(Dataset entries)
● ● ● ●

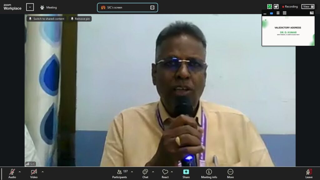 The Department of Commerce (Shift II), St. Josephs College (Autonomous), Tiruchirappalli, organized a One-Day National Level Virtual Conference on Sustainable Development, Digital Transformation, and Emerging Paradigms in Commerce and Management on 23 January 2026 through online mode.
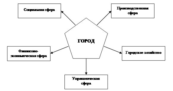 · социальная сфера, в состав которой входят все отрасли воспроизводства и духовного развития населения города;
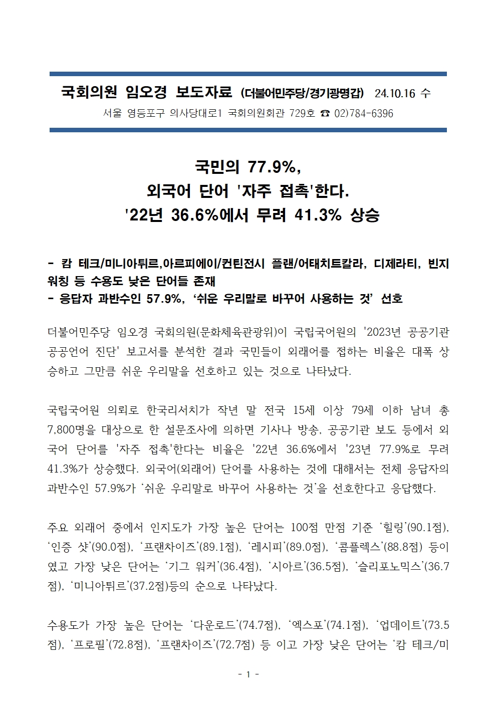 241016 [임오경 국회의원 보도자료]외국어 단어 자주 접촉한다..hwp
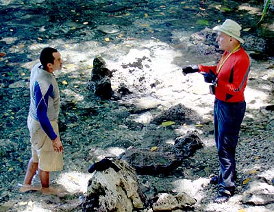 When diving to a depth of 100 feet, you do not have much working time before you become nitrogen saturated. Then, you have to have a pretty good surface interval before you can go back down with any amount of bottom time to do more work. So we shuttled off to meet with our clam farming contact. We met up with Billy Watson at his clam farm. Well nearby anyway. He was out hunting corals for reseeding. We found him around a rock island and conducted our interview. Billy is a young guy and his business is aquaculture. He sells giant clams and corals for reseeding and aquariums around the world. A Palauan, he grew up in Maine living with his uncle, but came back to Palau to live.
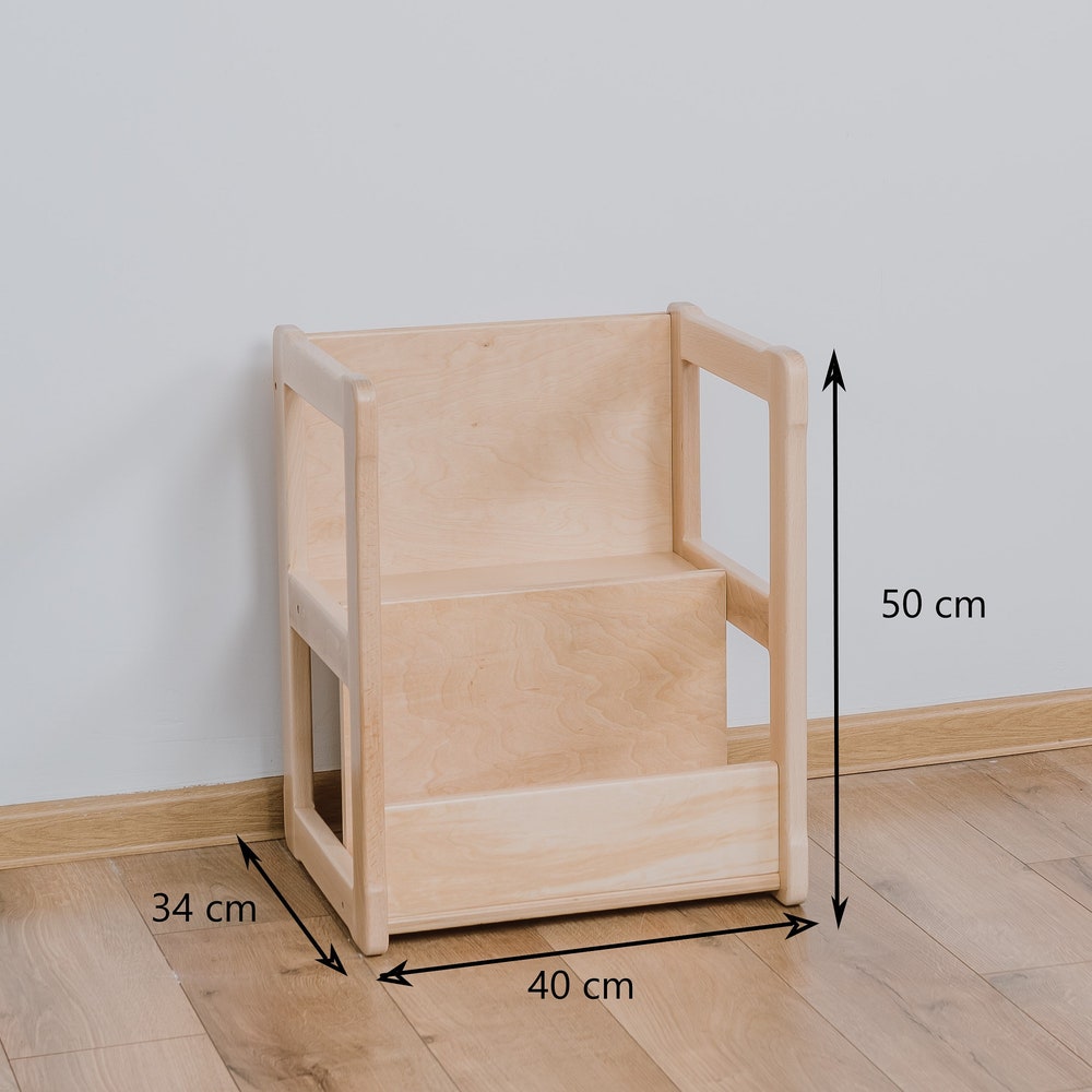 Introducing Woodjoy’s Montessori SMALL Bookshelf, a versatile and functional addition to your child’s environment. The Montessori SMALL Bookshelf is carefully structured to allow your child to see the covers of their books, making it easy for them to select and retrieve their desired reading material. What sets this bookshelf apart is its adaptability; it can be rotated and used in various ways. It can transform into a chair, a table, or create the perfect play station, offering endless possibilities for your child’s imagination to flourish. Our Montessori MINI Shelf complements the SMALL Bookshelf beautifully. With its low, open shelves placed across three levels, it provides an ideal storage solution for toys and books. These deep shelves can accommodate even larger toys and accessories, nurturing your child’s development through organized play.

● ● ● ●

- TASK GOAL -
Return exactly the lines of the data, beginning with the first and ending with the line containing "241016 [임오경 국회의원 보도자료]외국어 단어 자주 접촉한다..hwp". Skip the pictures.

- TASK SOLUTION -
 The Department of Commerce (Shift II), St. Josephs College (Autonomous), Tiruchirappalli, organized a One-Day National Level Virtual Conference on Sustainable Development, Digital Transformation, and Emerging Paradigms in Commerce and Management on 23 January 2026 through online mode.
 · социальная сфера, в состав которой входят все отрасли воспроизводства и духовного развития населения города;
 241016 [임오경 국회의원 보도자료]외국어 단어 자주 접촉한다..hwp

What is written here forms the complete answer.